A November KFF poll shows that 74% of the public support extending the ACA tax credits but 50% of Republicans said they supported it. Only 44% of MAGA supporters among Republicans and Republican-leaning independents agreed. A November Pew Research poll showed the majority of Republicans said the federal government is not responsible for ensuring healthcare coverage for all, the share of Republicans who say it is has increased 9 percentage points since 2021.
Matt Foster, professorial lecturer at American University in Washington, D.C., said it’s clear that this issue will remain in voters’ minds, not just because they may feel it personally and see it reverberate across the healthcare system or because Democrats make sure it’s discussed in campaigns but because it’s clear the media will continue to cover it.
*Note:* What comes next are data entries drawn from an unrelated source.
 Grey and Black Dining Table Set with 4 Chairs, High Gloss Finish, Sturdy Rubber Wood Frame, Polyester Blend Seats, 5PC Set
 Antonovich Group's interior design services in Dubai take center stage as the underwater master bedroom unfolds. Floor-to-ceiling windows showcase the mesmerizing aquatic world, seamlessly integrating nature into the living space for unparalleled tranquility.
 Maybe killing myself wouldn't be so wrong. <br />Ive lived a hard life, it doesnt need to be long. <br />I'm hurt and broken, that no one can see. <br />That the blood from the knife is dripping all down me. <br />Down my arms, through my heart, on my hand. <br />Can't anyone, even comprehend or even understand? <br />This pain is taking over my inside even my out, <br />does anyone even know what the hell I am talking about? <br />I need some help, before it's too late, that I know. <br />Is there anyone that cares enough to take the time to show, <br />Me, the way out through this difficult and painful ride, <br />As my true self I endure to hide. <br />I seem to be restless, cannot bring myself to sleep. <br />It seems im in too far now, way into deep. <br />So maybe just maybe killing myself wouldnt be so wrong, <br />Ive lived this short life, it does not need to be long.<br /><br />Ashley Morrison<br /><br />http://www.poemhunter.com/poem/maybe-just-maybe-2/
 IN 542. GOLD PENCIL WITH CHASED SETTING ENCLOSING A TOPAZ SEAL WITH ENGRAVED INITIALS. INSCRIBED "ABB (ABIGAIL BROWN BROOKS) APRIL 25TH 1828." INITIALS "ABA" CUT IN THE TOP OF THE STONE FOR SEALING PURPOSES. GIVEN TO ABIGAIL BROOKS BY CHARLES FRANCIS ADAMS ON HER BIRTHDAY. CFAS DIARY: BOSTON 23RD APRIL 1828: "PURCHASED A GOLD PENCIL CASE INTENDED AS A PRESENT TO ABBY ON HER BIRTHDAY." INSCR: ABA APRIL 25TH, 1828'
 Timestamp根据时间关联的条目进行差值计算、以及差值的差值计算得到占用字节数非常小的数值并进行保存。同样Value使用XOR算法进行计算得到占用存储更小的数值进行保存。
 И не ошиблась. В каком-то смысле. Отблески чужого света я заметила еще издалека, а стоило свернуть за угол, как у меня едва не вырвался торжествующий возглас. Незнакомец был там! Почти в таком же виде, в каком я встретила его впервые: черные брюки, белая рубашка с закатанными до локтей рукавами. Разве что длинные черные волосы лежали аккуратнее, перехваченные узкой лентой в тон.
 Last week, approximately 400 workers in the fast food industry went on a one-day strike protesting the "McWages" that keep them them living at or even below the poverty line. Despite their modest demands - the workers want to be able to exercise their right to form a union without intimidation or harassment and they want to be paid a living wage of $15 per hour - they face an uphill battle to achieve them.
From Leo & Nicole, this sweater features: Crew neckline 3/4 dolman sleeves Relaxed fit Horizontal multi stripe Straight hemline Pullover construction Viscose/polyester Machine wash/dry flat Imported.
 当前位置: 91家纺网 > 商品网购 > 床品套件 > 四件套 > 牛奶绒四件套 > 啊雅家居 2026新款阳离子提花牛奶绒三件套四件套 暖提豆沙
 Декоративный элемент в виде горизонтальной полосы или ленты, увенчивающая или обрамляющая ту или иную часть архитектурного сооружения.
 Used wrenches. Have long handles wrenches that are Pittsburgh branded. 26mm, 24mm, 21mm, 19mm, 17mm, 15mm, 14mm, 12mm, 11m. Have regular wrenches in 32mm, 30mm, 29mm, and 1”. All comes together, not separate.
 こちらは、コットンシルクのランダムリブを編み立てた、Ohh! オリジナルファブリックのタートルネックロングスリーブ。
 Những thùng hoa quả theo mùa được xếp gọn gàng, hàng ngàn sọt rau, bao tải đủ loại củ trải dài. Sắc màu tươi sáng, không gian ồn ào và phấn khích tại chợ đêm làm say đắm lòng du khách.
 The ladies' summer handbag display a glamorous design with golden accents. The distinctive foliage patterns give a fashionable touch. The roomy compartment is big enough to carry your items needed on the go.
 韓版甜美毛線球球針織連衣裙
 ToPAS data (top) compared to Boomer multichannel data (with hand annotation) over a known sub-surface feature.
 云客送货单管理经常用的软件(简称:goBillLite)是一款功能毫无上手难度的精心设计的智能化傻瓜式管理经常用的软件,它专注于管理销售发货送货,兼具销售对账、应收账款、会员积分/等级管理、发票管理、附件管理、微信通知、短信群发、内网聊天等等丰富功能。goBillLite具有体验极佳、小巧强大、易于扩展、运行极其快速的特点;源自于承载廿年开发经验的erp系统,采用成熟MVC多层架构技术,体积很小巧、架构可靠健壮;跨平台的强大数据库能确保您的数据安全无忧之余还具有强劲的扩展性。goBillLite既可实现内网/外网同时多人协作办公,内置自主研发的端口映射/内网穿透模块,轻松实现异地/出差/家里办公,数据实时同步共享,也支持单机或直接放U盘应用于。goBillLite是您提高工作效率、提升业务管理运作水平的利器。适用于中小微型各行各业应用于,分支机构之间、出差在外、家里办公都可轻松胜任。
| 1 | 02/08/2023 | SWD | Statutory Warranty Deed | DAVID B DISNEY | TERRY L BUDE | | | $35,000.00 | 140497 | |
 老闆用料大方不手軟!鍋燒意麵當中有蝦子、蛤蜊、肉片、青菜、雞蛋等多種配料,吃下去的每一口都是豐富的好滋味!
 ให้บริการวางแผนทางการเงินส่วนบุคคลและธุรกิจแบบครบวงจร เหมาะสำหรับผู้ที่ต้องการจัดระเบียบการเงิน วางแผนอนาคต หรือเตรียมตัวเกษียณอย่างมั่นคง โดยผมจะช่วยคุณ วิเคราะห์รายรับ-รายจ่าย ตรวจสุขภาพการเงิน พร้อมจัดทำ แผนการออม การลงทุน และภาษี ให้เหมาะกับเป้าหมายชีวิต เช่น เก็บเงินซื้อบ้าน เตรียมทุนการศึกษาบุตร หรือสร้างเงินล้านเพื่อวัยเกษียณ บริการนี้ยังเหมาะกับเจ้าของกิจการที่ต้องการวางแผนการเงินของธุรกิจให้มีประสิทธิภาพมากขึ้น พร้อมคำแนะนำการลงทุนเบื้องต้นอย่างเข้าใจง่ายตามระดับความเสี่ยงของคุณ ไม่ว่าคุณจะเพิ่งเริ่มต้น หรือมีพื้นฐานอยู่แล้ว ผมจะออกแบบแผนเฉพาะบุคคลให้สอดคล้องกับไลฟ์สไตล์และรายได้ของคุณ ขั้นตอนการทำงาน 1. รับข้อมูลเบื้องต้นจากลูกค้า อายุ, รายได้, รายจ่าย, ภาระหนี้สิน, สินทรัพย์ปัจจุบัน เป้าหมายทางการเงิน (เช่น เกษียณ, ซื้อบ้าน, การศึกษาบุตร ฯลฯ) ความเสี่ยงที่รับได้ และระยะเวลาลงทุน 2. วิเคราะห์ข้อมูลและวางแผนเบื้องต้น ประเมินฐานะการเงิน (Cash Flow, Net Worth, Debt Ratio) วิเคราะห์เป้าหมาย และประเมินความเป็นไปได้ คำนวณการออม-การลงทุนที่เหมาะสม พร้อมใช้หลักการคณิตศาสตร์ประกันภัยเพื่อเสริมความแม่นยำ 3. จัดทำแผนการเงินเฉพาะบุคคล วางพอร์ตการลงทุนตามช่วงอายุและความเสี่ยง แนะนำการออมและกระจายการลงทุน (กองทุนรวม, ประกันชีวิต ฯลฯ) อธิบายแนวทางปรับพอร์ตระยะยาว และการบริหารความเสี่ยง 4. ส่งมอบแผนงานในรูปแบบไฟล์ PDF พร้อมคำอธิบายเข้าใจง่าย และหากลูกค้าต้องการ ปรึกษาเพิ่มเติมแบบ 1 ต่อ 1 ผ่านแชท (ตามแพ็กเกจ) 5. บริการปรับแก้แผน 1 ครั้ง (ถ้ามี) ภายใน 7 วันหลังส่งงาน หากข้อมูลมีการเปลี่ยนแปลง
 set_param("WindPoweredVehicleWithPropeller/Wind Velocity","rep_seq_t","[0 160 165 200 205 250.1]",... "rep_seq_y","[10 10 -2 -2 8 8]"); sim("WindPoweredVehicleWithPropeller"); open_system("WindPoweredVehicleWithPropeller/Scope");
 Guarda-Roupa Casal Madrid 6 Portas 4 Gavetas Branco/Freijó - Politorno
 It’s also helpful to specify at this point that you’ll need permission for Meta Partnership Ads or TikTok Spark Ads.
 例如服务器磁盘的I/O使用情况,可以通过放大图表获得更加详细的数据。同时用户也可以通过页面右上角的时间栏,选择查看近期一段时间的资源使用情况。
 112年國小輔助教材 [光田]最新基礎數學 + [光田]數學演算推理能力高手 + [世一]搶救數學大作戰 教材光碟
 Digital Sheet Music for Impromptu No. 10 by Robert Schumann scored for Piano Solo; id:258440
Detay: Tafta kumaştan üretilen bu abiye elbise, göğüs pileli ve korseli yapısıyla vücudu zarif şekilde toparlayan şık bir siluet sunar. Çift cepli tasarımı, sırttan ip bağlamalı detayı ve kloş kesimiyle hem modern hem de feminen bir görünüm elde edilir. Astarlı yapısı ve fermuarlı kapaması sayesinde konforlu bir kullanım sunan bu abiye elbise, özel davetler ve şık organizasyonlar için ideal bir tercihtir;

Although Republicans are expected to hold these positions against the subsidies, it’s a tough issue for Republicans as they navigate disagreements in their own party over the issue, Foster said.
“For many Americans in today’s world, healthcare is a right like public education, and clearly with work requirements and all this we’re seeing fractures in the Republican caucus,” he said.
Christopher Jorde, who teaches classes on U.S. campaigns and elections and political psychology at the University of Colorado, Boulder, said he was surprised to see such cohesion among Republicans in Congress earlier last year but he has begun to see that change.
“Increasingly, it seems like there are some issues with which Republicans are willing to break,” he said, including healthcare.
Kondik said that he’s not sure the vote to extend the ACA subsidies will insulate Republicans in vulnerable districts because they ultimately can’t change the larger environment that is hurting all Republicans in the midterms.
Other election experts say that it’s harder for House Republicans to build a personal brand on opposing Trump like Republican senators, such as Maine Senator Susan Collins, whose political office has clearly survived those positions, which is why the vote was significant.
“It’s harder for House members to define their own brand so they really are tied to the leader of their party, whoever the current president of their party is. For Republicans in Congress, I think this ACA vote was the first big test of whether Republicans would break with him, and I think it’s significant that we saw 17 Republicans vote for the subsidy extension,” Covey said.
It may be hard to sell a nuanced message on why they voted this way, both in the primary and the general election; however, this may be the reason some vulnerable Republicans, such as Evans, chose to vote against it anyway.
When looking at the Republicans who voted against the subsidies, Covey said Issa and Higgins may be particularly vulnerable in the midterms due to Democratic redistricting efforts to flip Republican seats. But Issa may have a spending advantage in the race due to the fact that he is incredibly wealthy. Covey said Miller-Meeks has sometimes been seen as moderate in her district and ran what she saw as a close primary in 2024, which may explain why she stuck to her party during the vote last week.
She added that Democrats have effectively used Perry’s votes against him in previous election cycles, which may make him more vulnerable during the midterms. Evans’ and Kiggans’ districts did not go as strongly for Trump in 2024 as others, which puts a lot of pressure on their races.
Time will only tell as to whether their votes on a major healthcare issue will impact their races at all during what is expected to be a tough year for House Republicans.
“The members themselves can’t control what the environment is,” Kondik said. “They can only control what kind of campaign they try to run and what their voting record is and it may be that all of these things they try to control can’t change the environment.”